With the high demand for quality traffic, traffic filtering has become a lucrative operation. Here’s what you need to know.

What is traffic?

Traffic is what connects a computer with a web browser and an actual human being with digital content sitting on a hosting server. Without the former, the latter has no purpose nor value whatsoever making traffic an essential commodity for legitimate web companies and the criminal underground economy alike.

Traffic is redirected and shuffled around the web, the visitor info of which is passed along as part of partnerships and business contracts. In fact, entire ecosystems and economies have developed around traffic that buy, sell, and trade it. Products and services have been designed and deployed to aid in analyzing and classifying it. Code that tracks traffic is deployed at several points along the way, usually on services no one readily sees or recognizes, each gathering their small amount of insight that can drive content to optimize the flow of traffic.

Traffic and the insight thereof is critical to the giant exchanges in the online advertising space and the very many niche affiliate network programs that help monetize and squeeze every last fraction of a penny of indirect marginal profit out of the edges of the URL visited. It is also a key commodity in the underground economy, playing an important role in malware delivery operations

Monetizing traffic in malicious web space via traffic filtering

This practice runs rampant across the web traffic space, from web advertisements to malicious traffic distribution feeding the latest malware variant to the un-patched masses. The latter of these is arguably the most interesting because Internet attackers can cast wide nets to reach many potential victims in their campaigns. For instance:

• Spam is distributed to large lists of recipients, sending malicious URLs and attachments to contacts that may have been stolen from address books, harvested from websites, collected from data breach dumps, or purchased from various sellers and marketing database suppliers.

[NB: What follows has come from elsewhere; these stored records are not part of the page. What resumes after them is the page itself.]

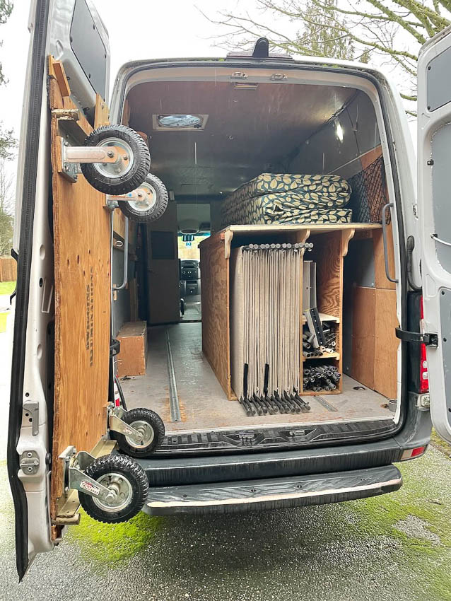 Box holds 12 ProPanels plus handles for trolley. The trolley, shown mounted on the back door, has removable handles, and fits thru a normal doorway. But can move all the ProPanels at once. truck - 17 of 27
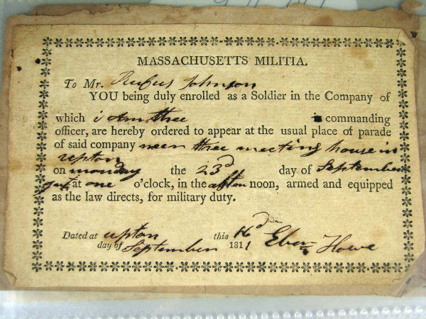 1799 New York Supreme Court Bail ManuscriptMass. Letters: Battle of New Orleans, Army Life, etc.Mar 02, 2026Massachusetts 34th Regiment Discharge & moreMar 02, 2026Foster Meekins 5th Sgt. 34th Mass appointmentMar 02, 2026Fort Constitution – War of 1812 Era Battalion Orders with 2 John A. Dix Orders – ManuscrSamuel Adams Militia Appointment Signed. One parFeb 26, 2026State of New Hampshire – Militia Brigade Orders – War of 1812 Era Document – 18151782 Superior Court related & other early documentsMar 02, 2026CSA Doc. Assistant Quartermaster appointmentMar 02, 2026George Washington Signed Medical Discharge, Moses DowningFeb 25, 2026Colonial Newport, RI debt collection and other docs.Mar 02, 2026Secretary of the Navy and officers signed docs.Mar 02, 2026Massachusetts Civil War Appointments, Furlough etcMar 02, 20261850 NH Appointment Cpt James Webster RiflemanMar 02, 2026ANTIQUE AMERICAN WAR OF 1812 SURVIVORS PENSION PAPER3 days LeftCaptain William Perkins 52nd Mass. AppoinmentMar 02, 2026
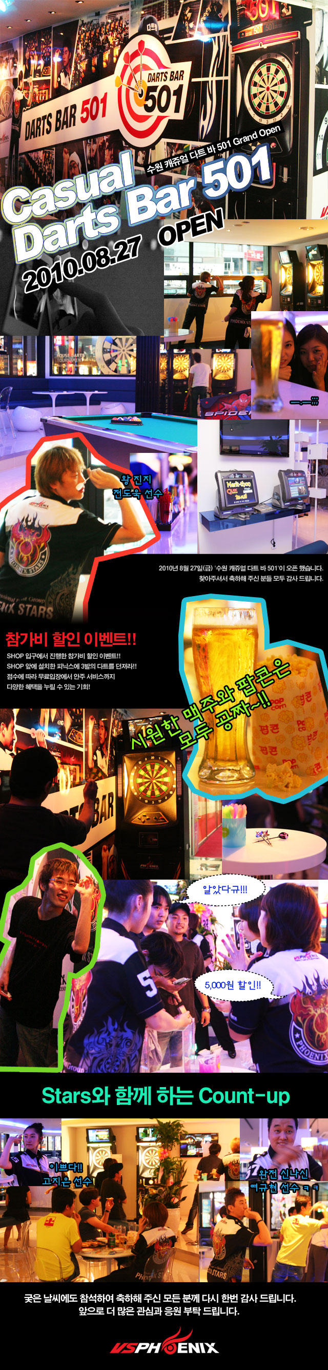 [공지] Casual Darts Bar 501 오픈 이벤트 2010-08-31 2010년 8월 27일(금) 수원 캐쥬얼 다트 바 501이 오픈 했습니다.찾아주셔서 축하해 주신 분들 모두 감사 드립니다. 2025 퍼펙트 코리아 8차 & 피닉스컵 4차 개요 ▲ 2025-11-19 ▼ 제4회 A Class 대회 - 후기 2010-08-23 목록
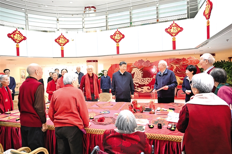 在银龄老年公寓,习近平详细了解老年人健康检查、康复训练、日常起居照料等情况。大厅里,一些老人正在写春联和福字,习近平来到他们中间,欣赏他们的创作,勉励他们老骥伏枥、老有所为,祝他们健康长寿、春节快乐。
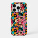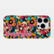 Retro-style floral pattern with bold colour flowers in pinks, oranges and turquoise is a fun background for your phone case. Personalize with your name in pink with a bold, retro 70's style typeface.
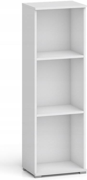 Regał biurowy niski, otwarty, na książki RELIC biały 110 x 40 x 40 cm Regały z seriiRELIC to solidnie wykonane stabilne meble przeznaczone do biur i pomieszczeń domowych. Regały dostępne są w czterech modnych wariantach kolorystycznych oraz występują w różnych wersjach wielkościowych z drzwiczkami lub bez. Do wyboru szerokość (30 cm, 40 cm, 60 cm, 80 cm), wysokość (110 cm, 215 cm), głębokość (32 cm, 40 cm). Informacje dodatkowe klasyczne wzornictwo trzy wytrzymałe półki dopasowany do segregatorów biurowych podwyższona trwałość i odporność na uderzenia możliwość montażu bez nóżek korpus w kolorze biały mat Regał do samodzielnego montażu z czytelną instrukcją. Wymiary szerokość 40 cm wysokość 110 cm głębokość 40 cm wysokość półek 33,5 cm Materiał. Korpus wykonano z płyty laminowanej producenta Kronopol o grubości 16 mm w kolorze biały mat. Plecy zrobiono z płyty HDF 3 mm. Obrzeża. Krawędzie płyty są oklejone PCV odpornym na wilgoć i zarysowania.
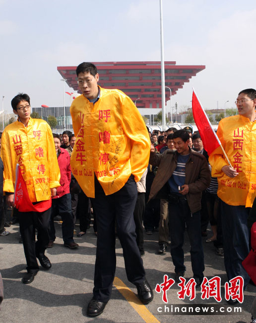 5月1日,三位平均身高2.30米以上的中國(guó)巨人到上海世博園區(qū)參觀中國(guó)館,吸引了眾多游客好奇的目光。當(dāng)日,上海世博會(huì)正式開園。中新社發(fā) 湯彥俊 攝
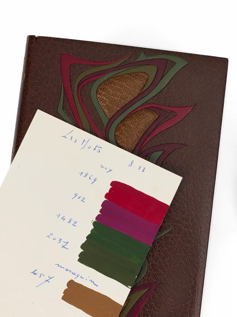 L’exemplaire contient par ailleurs le nuancier original de Paul Bonet qui lui a servi à la composition de cette reliure – la seule qu’il réalisa sur le papier de tête des Mots.
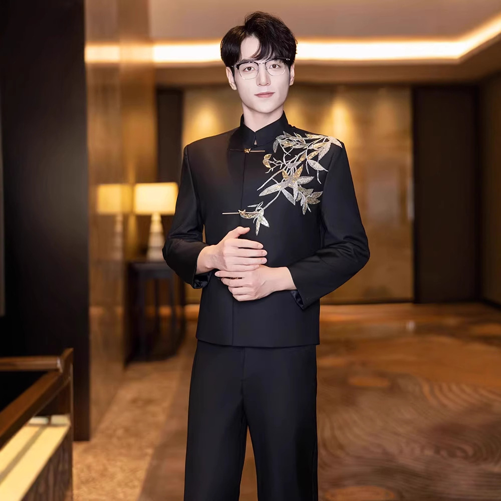 メンズ新中式中山服新郎男性用礼服唐装スーツジャケットセット中国風刺繍
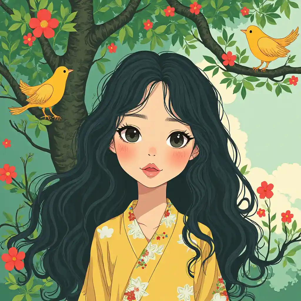 hermoso lindo retrato frontal Ninfa coreana, gran cabello largo y rizado, hierbas colores pastel, junto a un árbol verde con hojas verdes, pájaros amarillos voladores, flores rojas por victo ngai, kilian eng, iluminación dinámica, arte digital, arte de takato yamamoto, 8K Akira Diseño de estilo
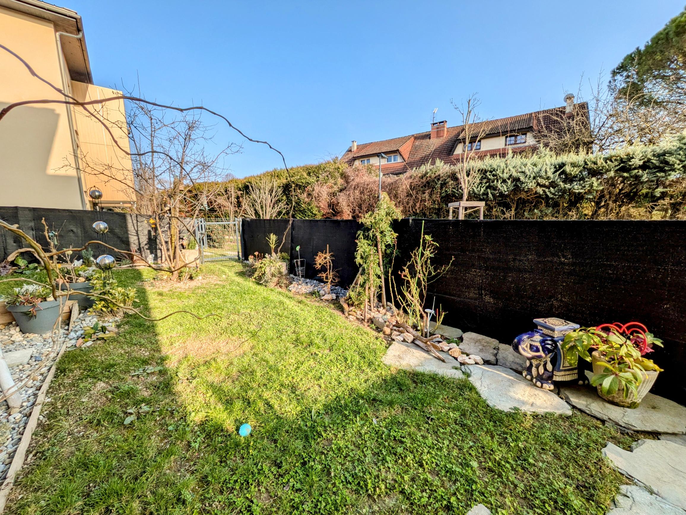 Espace extérieur : Agréable terrasse couverte orientée sud, donnant sur un petit jardin clôturé d’environ 80 m².

• Web traffic is hijacked and rerouted from thousands of compromised websites, bringing all kinds of visitors who are running various desktop operating systems and web browsers and using different types of mobile devices.

• SEO efforts pump thousands of websites running cloned content that would never be sought out by visitors to the top of search results, drawing more clicks.

• Traffic is outright purchased, leveraging the economy of scale of the underground to supply more volume. Some actors tap into the advertising space and the significant amount of traffic it can provide. Others seek out the bounties of web traffic from the adult publisher space and low-quality ads space supplying traffic from popups, popunders, and unintended affiliate offer clicks.

Suffice to say, at the end of the day, many avenues can bring enormous volumes of traffic. Once this traffic is on hand, many actors take on the task of refining it to capture the desired value.

For “traffers,” or actors dealing illegally in traffic, it’s a matter of separating the wheat from the chaff. Traffers attempting to monetize web traffic directly or to sell it to others need to be able to deliver as clean and valuable a product as possible. For someone casting a wide net and wanting to deliver a high-value product to buyers, or pre-filter the noise on collected information or reduce costs processing data with an external service, this means a potentially significant amount of filtering along the line. Filtering is what refines a flood of traffic into a higher-value set of traffic that can achieve intended goals. Filtering is also what some actors rely on to preserve the lifetime of their campaigns or reduce the chances of facing prosecution for their actions.

Filtering techniques

It is helpful to understand the many ways in which attackers filter clients in their infrastructure.

There are a few main reasons why filtering occurs:

• Optimization: Making sure traffic is unique. Traffers often get paid only for unique traffic.
• Targeting: Making sure traffic meets requirements for location, user or device type, and similar constraints.
• Anti-analysis/anti-research: Making sure malicious traffic distribution and end-threats are not analyzed and detected by security companies or related investigators.

The following chart lists a few known techniques, showing whether they are considered lower-level or higher-level, whether detection logic is implemented on the remote server or via client-side code, and additional context:

Technique	Layer	Implemented	Type
Passive OS fingerprinting	Low (client IP stack)	Server-side	Anti-analysis
User-agent	Medium (specified in HTTP headers or via DOM)	Server-side or Client-side	Targeting, anti-analysis
Device language	Medium (specified in HTTP headers)	Server-side or Client-side	Targeting, anti-analysis
Traffic type	Low	Server-side	Targeting, anti-analysis
Geosource	Low (based on socket remote IP address)	Server-side	Targeting, optimization, anti-analysis
Device attributes/feature support	High	Client-side	Targeting, anti-analysis
Header anomalies	Medium	Server-side	Anti-analysis
Information leakage	Low	Client-side	Anti-analysis
Cookies	High	Server-side and Client-side	Optimization, anti-analysis
Ad platform	High	Server-side	Targeting
Time zones	Low	Server-side	Targeting, anti-analysis

As noted, many options exist for filtering devices and network traffic, operating at multiple levels and on both sides of the connection. Below, I’ve offered more information on some of these techniques.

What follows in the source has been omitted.